The lower house of Australia’s parliament, the House of Representatives, passed the Interactive Gambling Amendment (Credit and Other Measures) Bill 2023 on November 14, imposing a blanket ban on use of credit cards, other credit-related products, and digital currencies for online gambling. The Bill was introduced in September by the Australian federal government.
The need for such stipulations arose due to increasing incidences of problem gambling, compelling the government to take requisite measures. When the Bill was presented, many stood in support of the move, however a few requested to be excluded from it such as The Lottery Corporation who claimed that lotteries have much lower harm potential compared to other forms of gambling.
The Bill was finally passed yesterday with both the major parties, Liberal and Labour, supporting it unanimously. It will now make its way to the upper house of the parliament, the Senate.
Key provisions of the Bill
The Bill includes imposing fines on gambling operators, which do not ban the use of credit cards, to the tune of A$234,750. In case the Bill is passed by the Senate, the Australian Communications and Media Authority (ACMA) will get more authority.

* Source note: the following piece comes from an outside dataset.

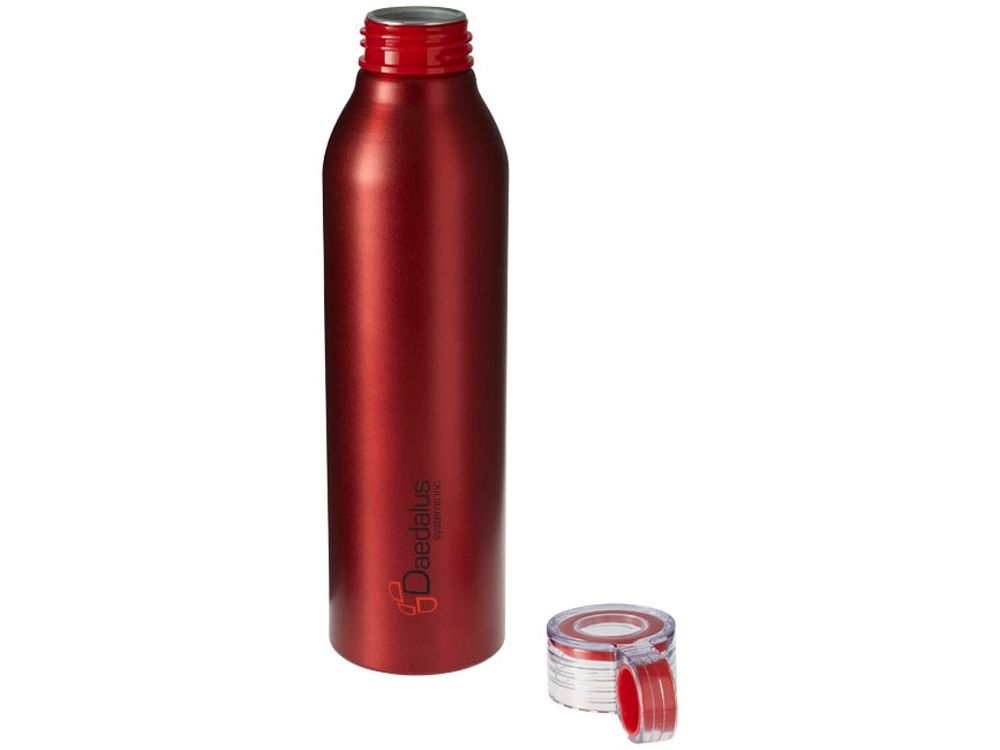 Спортивная алюминиевая бутылка Grom. Одинарные стенки. Откручивающаяся крышка с защитой от протекания и цветным акцентом. Удобная в пути. Объем 650 мл. Алюминий.

The ACMA will be responsible for imposing new and existing provisions as per the requirement of the Bill and will also be imposing penalties on operators.
Meanwhile, to give operators, payment providers, and customers time to adjust to the new regulations, the government has planned a six-month transition period. As soon as the Bill receives royal assent, these changes would take effect.
The general idea behind the move, as explained by Communications Minister Michelle Rowland, is that “people should not be betting with money they do not have”.